Wednesday, February 12, 2014

No Limits, Just Epiphanies

This is one of about 8 bajillion videos based on the research of Dr. Brené Brown (whose website you can find here, and whose viral TEDtalks can be viewed here. She also has written a few books which you can find on her website if you fall as deeply in love with her work as I have.)

To give a quick summary of the work of Brené Brown, allow me to use a few simple equations.

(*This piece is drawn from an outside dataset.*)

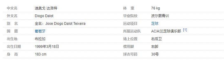 迪奥戈·达洛特(Diogo Dalot,1999年3月18日-- )葡萄牙足球运动员,全名:若泽·迪奥戈·达洛特·特谢拉(Jose Diogo Dalot Teixeira),出生于葡萄牙布拉加,场上司职右后卫,效力于AC米兰足球俱乐部。个人简介:
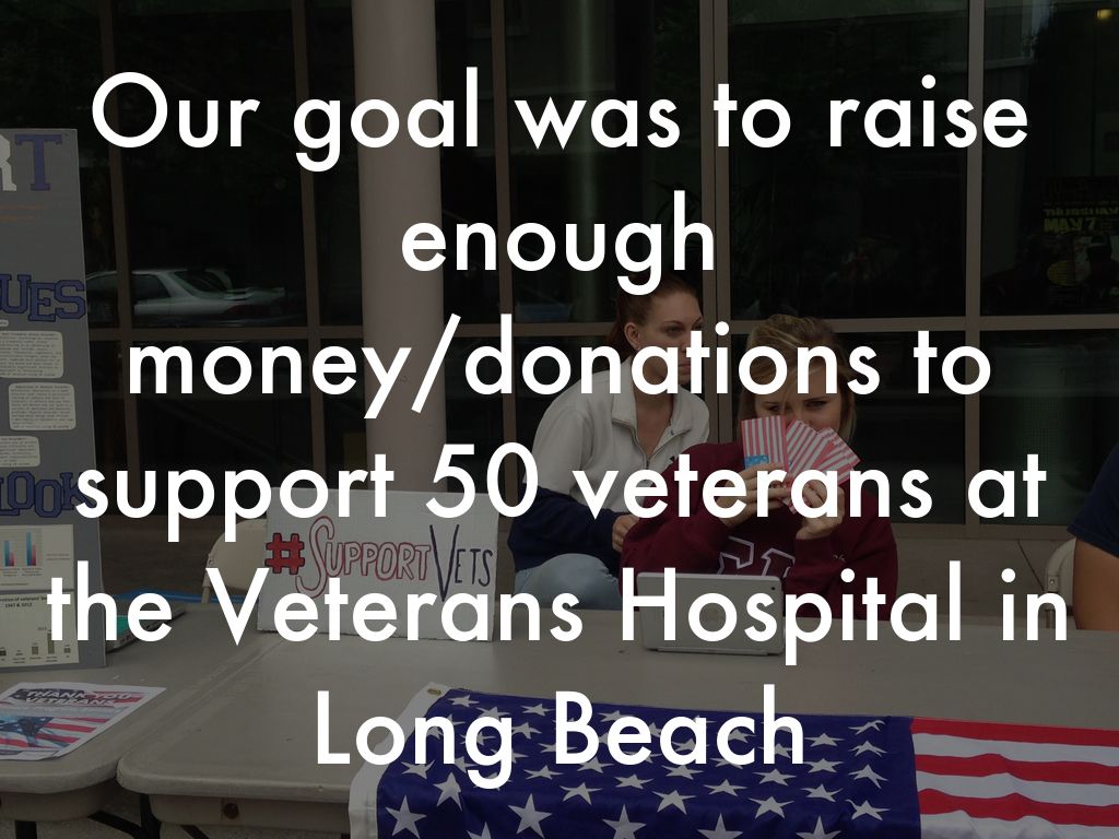 Our goal was to raise enough money/donations to support 50 veterans at the Veterans Hospital in Long Beach

Ashamed or afraid person + Ashamed or afraid person = disconnection

Vulnerable person + Vulnerable person = connection

connection = wholehearted person

Here are a few key points I love about Brené Brown, PhD, LMSW:

-If all those letters weren't written behind her name, you may not even know she's a research scientist. She makes her work unbelievably accessible and understandable for even the average Joe. And she uses examples and phrases that you would actually hear coming out of someone's mouth, not a dusty, boring textbook paragraph.

-The way she talks make you feel like you're grabbing lunch with an old friend who has some outstanding advice, not a doctorate-holding research professor at a graduate school of Social Work who is trying to tell you how to live your life. Even though she covers some dauntingly hard-to-swallow topics, she somehow just puts you at ease.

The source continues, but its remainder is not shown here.